To start with though we are on the daily support level at 7436 and S1 at 7432. 7440 is also the daily coral and the first test of this since it went green on 7th April. The bulls need to be quick out the blocks today to get a rise towards the pivot at the very least at the 7521 level.

7483 is also a back test of the key fib so we could see any rise stutter here this morning to drop back down to this 7430 area.

Should the bulls break above the pivot at 7521 then 7564 is the 200ema on the 30min chart and could get seen, though as I write this that looks a big ask! I am not expecting it to get this high today.

The bears will be looking to break below the 7430 though as that opens up the potential for a slide down to the 7200 area, with 7293 first up as we have the 200ema on the daily chart here. 7293 is also the S3 level for today, and should it slide there then we could see a bounce – worth a tentative long here. First up though is 7385 for S2 and the lower of the fib levels that may see a reaction. Going to be a tricky open!
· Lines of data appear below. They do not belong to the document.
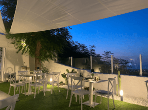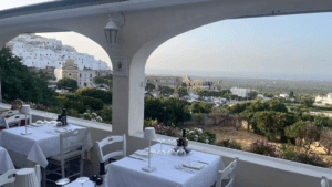 De naam betekent “het oude terras”, passend want het restaurant heeft een ruim terras met mooi uitzicht, zowel over de zee als over de oude stad van Ostuni.
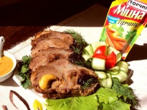 Чернослив без косточек промыть, слегка запарить. Переложить пласты мяса черносливом. Смешать горчицу, майонез, соль и специи, что бы получилась смесь для маринования.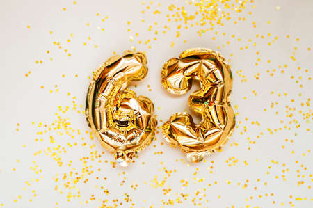 small foil gold balloons numbers 63 inflated with helium on a beige delicate background with gold sequins stars and balls. glittering holiday greeting layout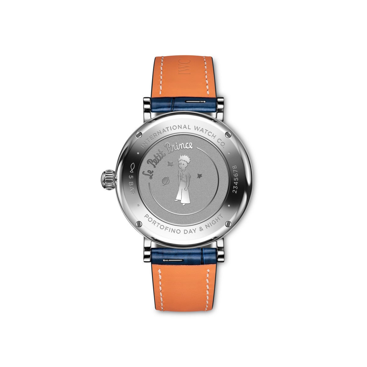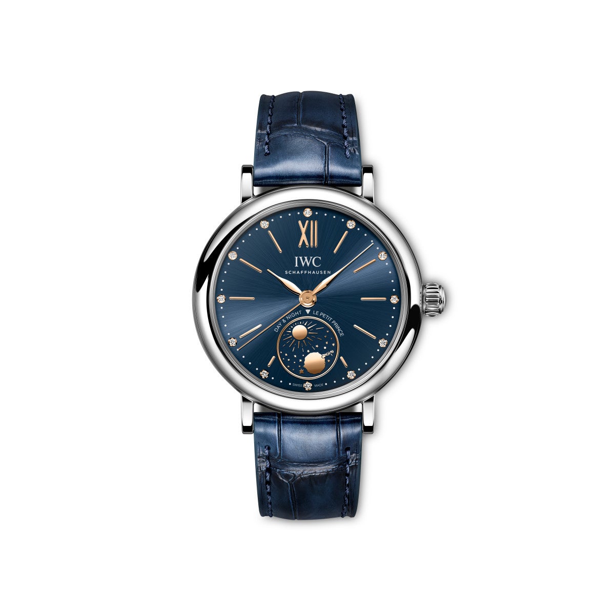 「ポートフィノ・オートマティック デイ&ナイト 34 “プティ・プランス”」(Ref. IW459806)は 、耐 久 性 に優 れ たステンレススティール製のコンパクトな34 mmのケースを備えています。エレガントでタイムレスなドレスウォッチのデザインは 、ゴールドメッキの針とアプライド・インデックスが配されたディープブルーの文字盤によって引き立てられています。精巧なサンレイ仕上げが施された文字盤が、サン=テグジュペリの不朽の名作を称えるIWC特別モデルのデザインのポイントです。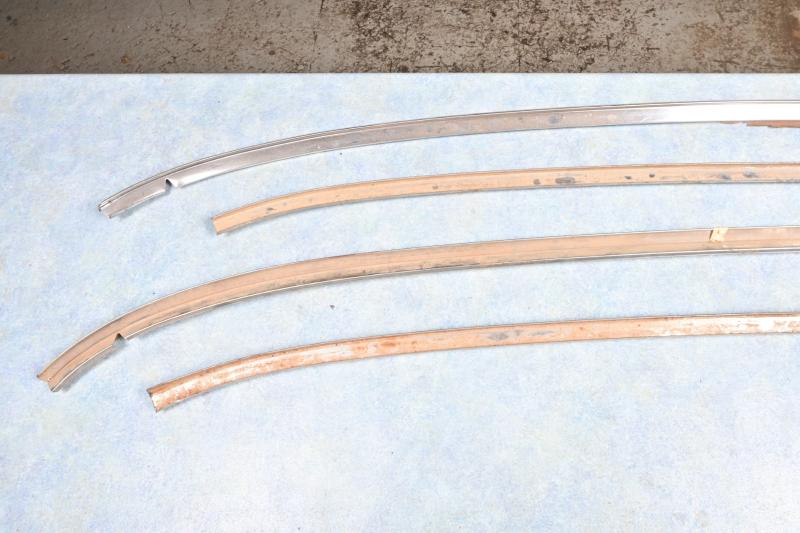 Lot 166 of 326: HOLDEN: Four Holden chrome metal windscreen surrounds in two sized, one unused in remnets of period Holden wrapping, aprx 139 & 118cm long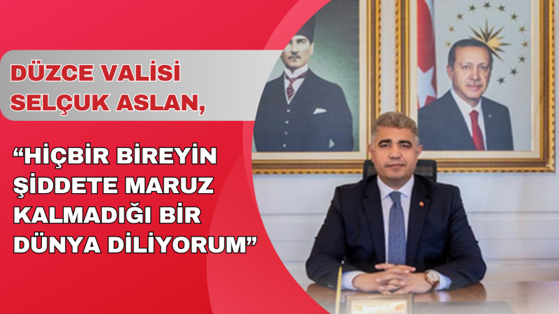 Düzce Valisi Selçuk Aslan mesajında "25 Kasım Kadına Yönelik Şiddete Karşı Uluslararası Mücadele Günü'nde hep birlikte yeniden idrak etmeliyiz ki; kadına şiddet, toplumsal bir sorundur ve karşısında durmak hepimizin asli görevi ve sorumluluğudur. Toplumumuzun her bir bireyi, kadına yönelik şiddetle mücadelede etkin bir rol oynamalı ve sorumluluk almalıdır. Kadınlarımıza saygı göstererek; saygı, hoşgörü, eşitlik ve adalet temelinde bir toplumun inşasına katkı sağlayalım. Kadına Yönelik Şiddete Karşı Uluslararası Mücadele Günü’nü; kadına yönelik şiddetle mücadelede yeni bir adım atmak ve toplumsal değişim nazarında bir araya gelmek için bir fırsat olarak değerlendirelim. Kadınlarımıza ve toplumumuza daha güvenli bir gelecek inşa etmek için el birliğiyle çalışarak, daha güvenli, huzurlu ve müreffeh bir toplumun temellerini atabiliriz. Bu duygu ve düşüncelerle, 25 Kasım Kadına Yönelik Şiddete Karşı Uluslararası Mücadele Günü’nün toplumda bir farkındalık oluşturarak, şiddetin her türlüsünün karşısında olan eşitlikçi bir toplum bilincinin oluşmasına vesile olmasını temenni ediyor, hiçbir bireyin şiddete maruz kalmadığı bir dünya diliyorum. " ifadelerine yer verdi.

The shorting the rallies stance last week was certainly the right move, though that cheeky little move to 7610 on Friday looks like a stop hunt.

S&P500 and Dax40
S&P500 looks a mess for the bulls with yearly lows beckoning below this 4250 level. Any rise is likely to be shorted, and the 2h resistance levels at the 4400 and 4430 levels would be good areas to get short on any rallies. Likewise the Dax, any rallies to the 14330 area would test the 2h resistance levels and worth shorting here. That said, a climb to these today maybe a big ask for the bulls and the daily pivots at 4302 and 1432 looks more achievable. Again, it all depends on the bulls being quick out the blocks.

Trade cautiously this week as it still feels volatile. We should start to see the volume kick up a bit this week too which may well help to stabilise the whipsaws that we had last week. Good luck today.